(Entries shown)
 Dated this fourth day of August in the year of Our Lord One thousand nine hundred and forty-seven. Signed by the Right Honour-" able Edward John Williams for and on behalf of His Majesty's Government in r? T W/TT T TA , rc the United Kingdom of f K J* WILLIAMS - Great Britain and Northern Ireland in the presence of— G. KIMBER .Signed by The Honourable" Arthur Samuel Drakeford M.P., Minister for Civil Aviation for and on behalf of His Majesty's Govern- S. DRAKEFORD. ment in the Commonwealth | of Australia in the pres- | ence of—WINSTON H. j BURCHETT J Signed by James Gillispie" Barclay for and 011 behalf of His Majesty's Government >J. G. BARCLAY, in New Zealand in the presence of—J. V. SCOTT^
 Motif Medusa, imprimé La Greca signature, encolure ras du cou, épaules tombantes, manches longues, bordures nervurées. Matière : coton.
(End Entries shown)
(Entries shown)
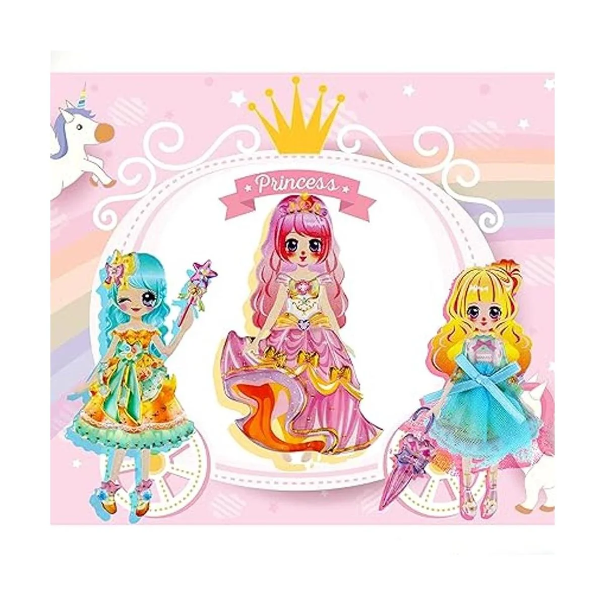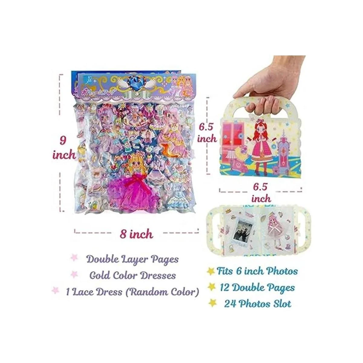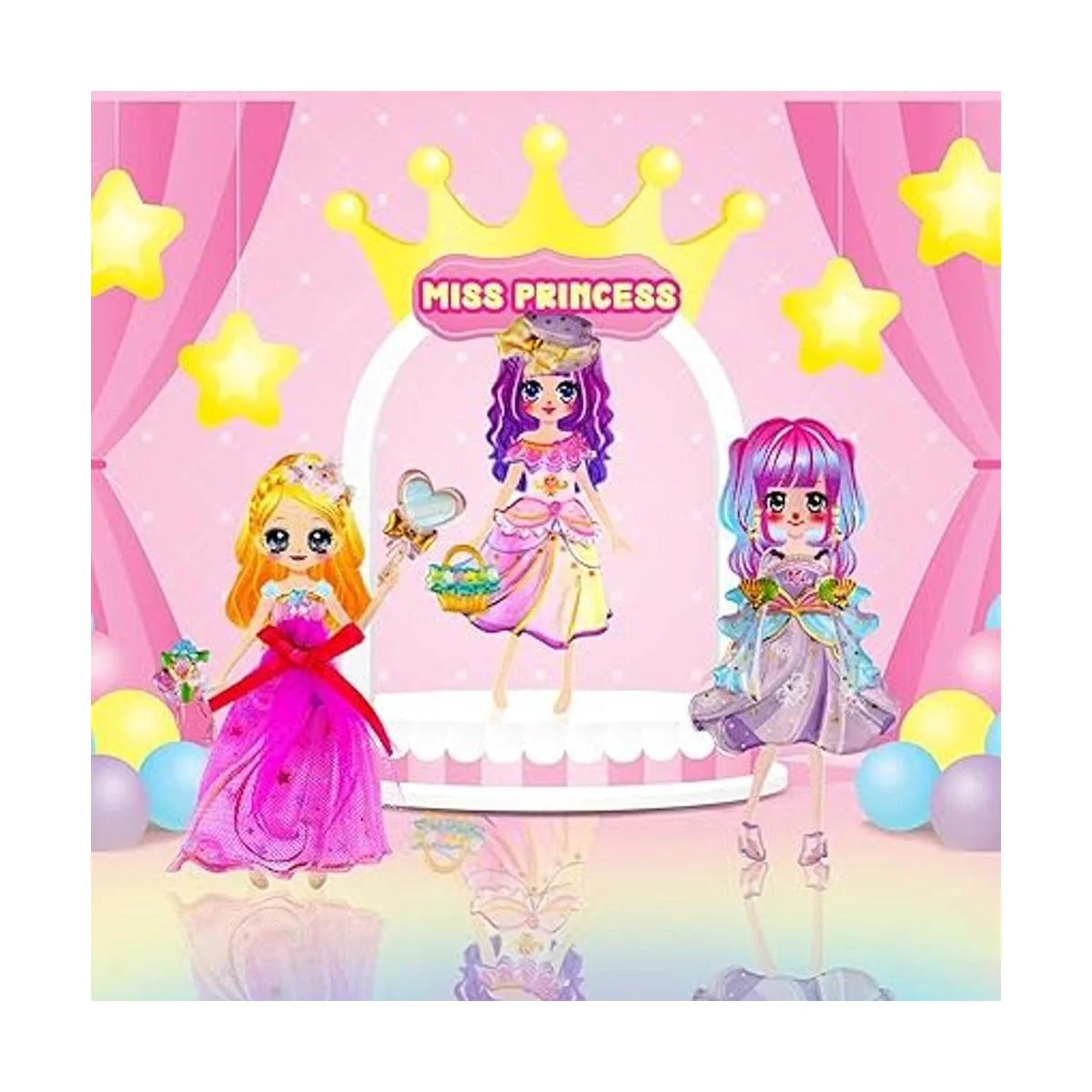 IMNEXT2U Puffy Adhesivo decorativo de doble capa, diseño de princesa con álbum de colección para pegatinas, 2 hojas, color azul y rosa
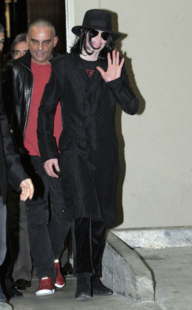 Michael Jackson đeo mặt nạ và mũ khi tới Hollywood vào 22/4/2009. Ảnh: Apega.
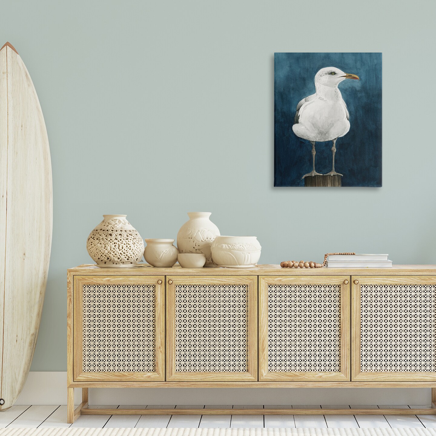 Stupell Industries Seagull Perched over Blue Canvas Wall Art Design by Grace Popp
(End Entries shown)
◆ **Task instructions**: In the entries above, find the line holding "Dated this fourth" and the line holding "Motif Medusa, imprimé"; print both of them and every line between, exactly, and nothing else.

◆ **Written response**:
 Dated this fourth day of August in the year of Our Lord One thousand nine hundred and forty-seven. Signed by the Right Honour-" able Edward John Williams for and on behalf of His Majesty's Government in r? T W/TT T TA , rc the United Kingdom of f K J* WILLIAMS - Great Britain and Northern Ireland in the presence of— G. KIMBER .Signed by The Honourable" Arthur Samuel Drakeford M.P., Minister for Civil Aviation for and on behalf of His Majesty's Govern- S. DRAKEFORD. ment in the Commonwealth | of Australia in the pres- | ence of—WINSTON H. j BURCHETT J Signed by James Gillispie" Barclay for and 011 behalf of His Majesty's Government >J. G. BARCLAY, in New Zealand in the presence of—J. V. SCOTT^
 Motif Medusa, imprimé La Greca signature, encolure ras du cou, épaules tombantes, manches longues, bordures nervurées. Matière : coton.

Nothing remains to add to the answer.